[Saved data entries]
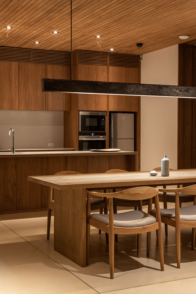 Local materials are the essential elements of the house. Floor and roof tiles were made by local artisans whose workshops are not far from the house and reclaimed teaks are from an abandoned house. In order to protect the house from exposure to sunlight, bamboo louvers provide a delicate aperture to the delightful view while reducing the heat and letting in gentle breezes along the east and west facade of the house. The house stands subtly and in harmony with nature, light, breezes and the richness of natural texture.
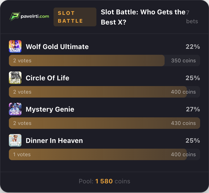 Live slot voting with images, vote bars, percentages, and leader highlight. Shows winning slot after draw.
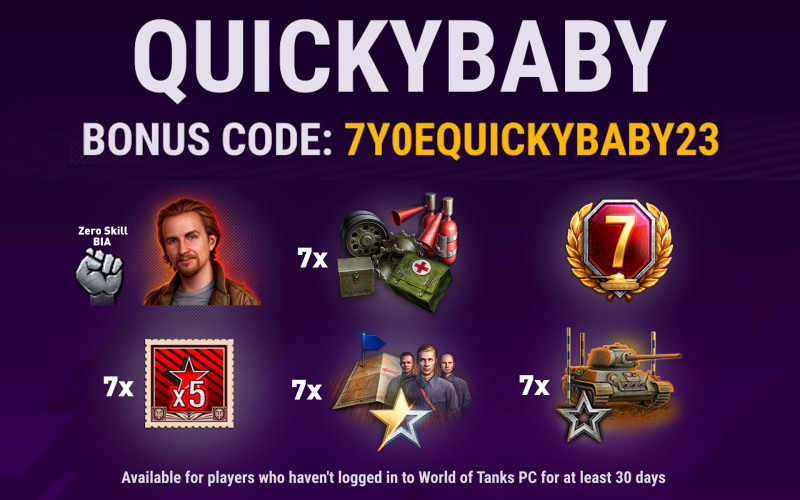 Also if you haven't played World of Tanks in 30 days you can instantly get me as a commander for free use code: 7Y0EQUICKYBABY23 or use links to redeem! EU https://eu.wargaming.net/shop/redeem/?bonus_mode=7Y0EQUICKYBABY23
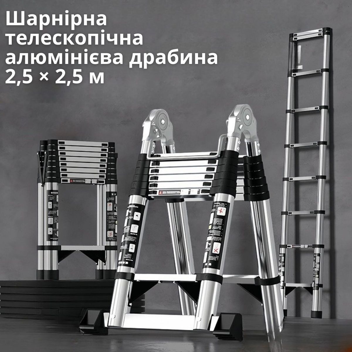 Шарнірна драбина телескопічна алюмінієва 2,5 2,5 м
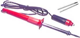 O ile lutownica transformatorowa wystarcz w domowych zastosowaniach, zapalony elektronik - amator powinien rozważyć zakup nieco droższej lutownicy grzałkowej. Lutownicą tego typu można posługiwać się jak długopisem, przez co możliwe jest lutowanie dosyć skomplikowanych układów elektronicznych. Przykładowa lutownica grzałkowa jest przedstawiona na rysunku obok. Pracuje ona przy napięciu 12V, pobiera 30W mocy. Grot lutowniczy w razie zużycia wystarczy wymienić, bez potrzeby kupowania nowej lutownicy.
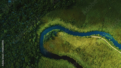 Fototapeta premium A winding river flows through a vibrant green landscape, creating a...
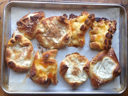Either of these filling suggestions makes enough to fill all the pastries; so if you want to mix and match, make a half-recipe of the cheese filling, and use only half the amount of fruit filling called for.
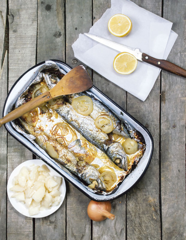 Potrebno je: 1 kg skuše, morska so, peršun, beli luk u prahu, maslinovo ulje, limun
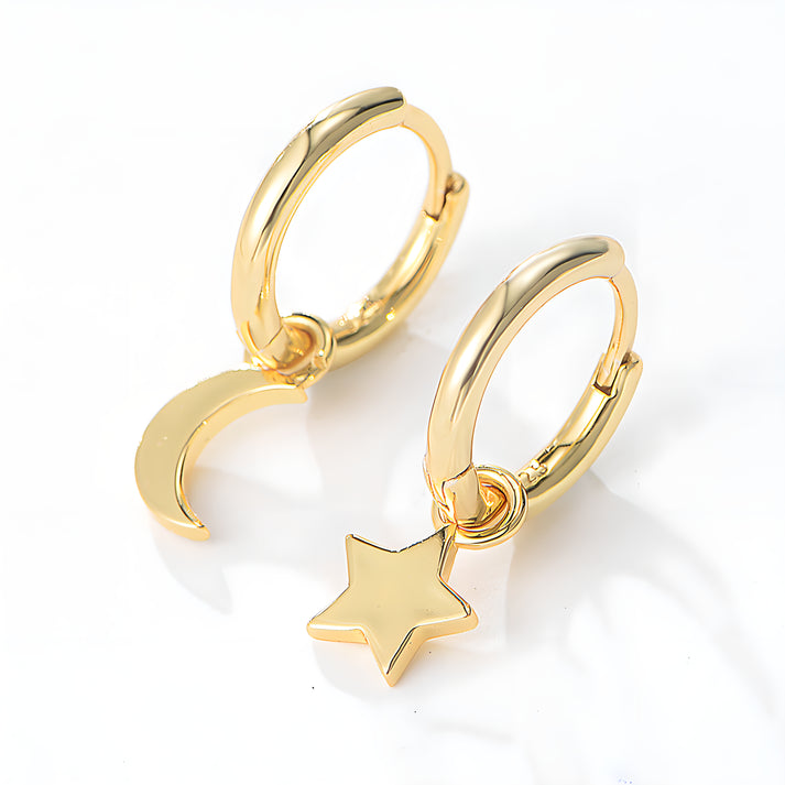 Asymmetrical Star & Moon Dangle Earrings in S925 Sterling Silver
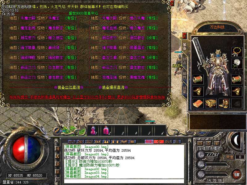 <253,0>游戏爆率已大幅度提高,小BOSS都将会爆出战神装备。包括开天,强化!大BOSS更有几率爆出致命石,伤害石。元素可在封魔皇宫自行添加!
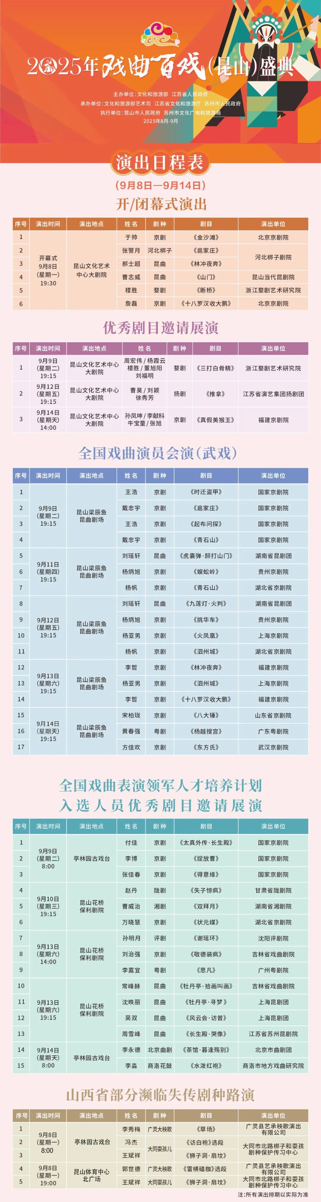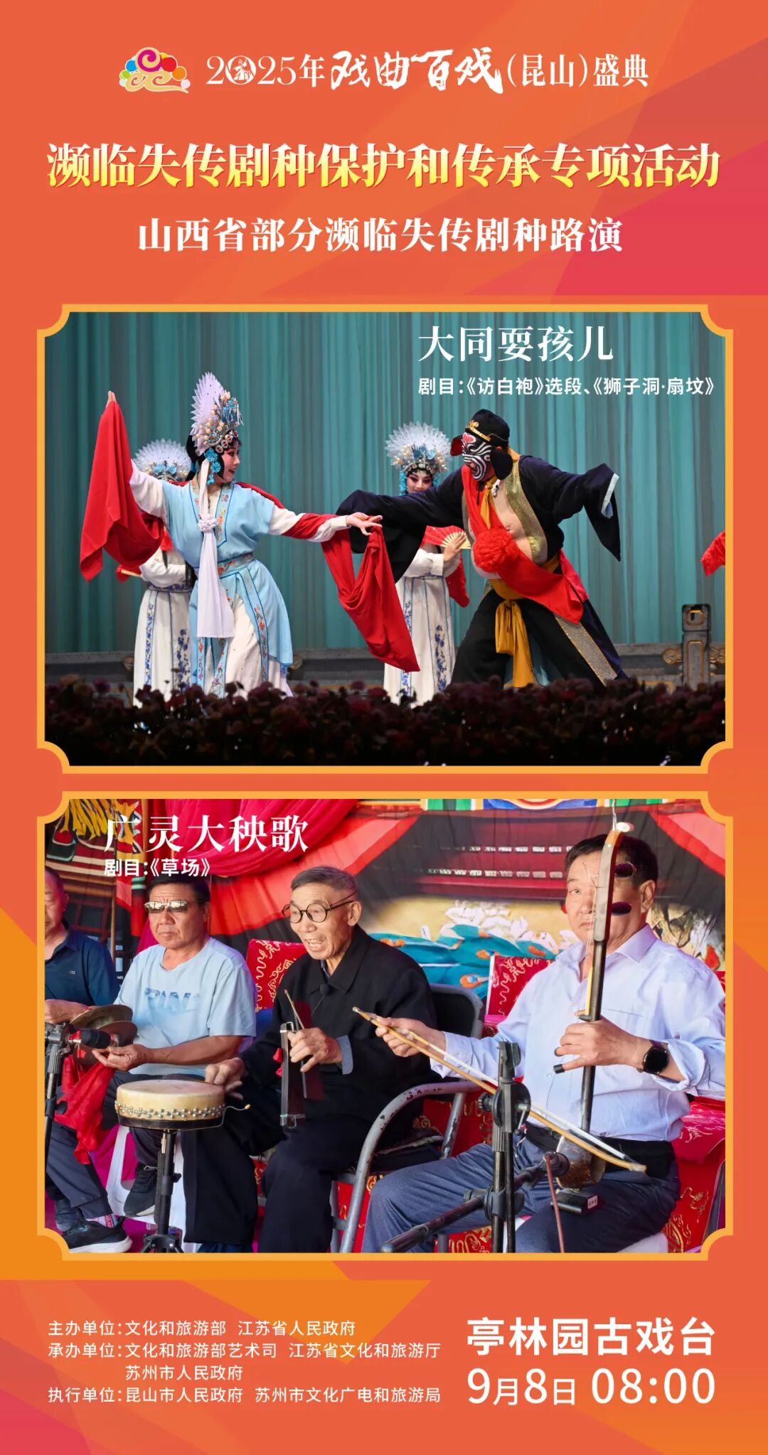 演出地点在亭林园古戏台和体育中心北广场,精彩地方戏曲送到家门口。

Task goal:
In your answer, repeat all the entries exactly, but leave out the pictures.

Exercise result:
 Local materials are the essential elements of the house. Floor and roof tiles were made by local artisans whose workshops are not far from the house and reclaimed teaks are from an abandoned house. In order to protect the house from exposure to sunlight, bamboo louvers provide a delicate aperture to the delightful view while reducing the heat and letting in gentle breezes along the east and west facade of the house. The house stands subtly and in harmony with nature, light, breezes and the richness of natural texture.
 Live slot voting with images, vote bars, percentages, and leader highlight. Shows winning slot after draw.
 Also if you haven't played World of Tanks in 30 days you can instantly get me as a commander for free use code: 7Y0EQUICKYBABY23 or use links to redeem! EU https://eu.wargaming.net/shop/redeem/?bonus_mode=7Y0EQUICKYBABY23
 Шарнірна драбина телескопічна алюмінієва 2,5 2,5 м
 O ile lutownica transformatorowa wystarcz w domowych zastosowaniach, zapalony elektronik - amator powinien rozważyć zakup nieco droższej lutownicy grzałkowej. Lutownicą tego typu można posługiwać się jak długopisem, przez co możliwe jest lutowanie dosyć skomplikowanych układów elektronicznych. Przykładowa lutownica grzałkowa jest przedstawiona na rysunku obok. Pracuje ona przy napięciu 12V, pobiera 30W mocy. Grot lutowniczy w razie zużycia wystarczy wymienić, bez potrzeby kupowania nowej lutownicy.
 Fototapeta premium A winding river flows through a vibrant green landscape, creating a...
Either of these filling suggestions makes enough to fill all the pastries; so if you want to mix and match, make a half-recipe of the cheese filling, and use only half the amount of fruit filling called for.
 Potrebno je: 1 kg skuše, morska so, peršun, beli luk u prahu, maslinovo ulje, limun
 Asymmetrical Star & Moon Dangle Earrings in S925 Sterling Silver
 <253,0>游戏爆率已大幅度提高,小BOSS都将会爆出战神装备。包括开天,强化!大BOSS更有几率爆出致命石,伤害石。元素可在封魔皇宫自行添加!
 演出地点在亭林园古戏台和体育中心北广场,精彩地方戏曲送到家门口。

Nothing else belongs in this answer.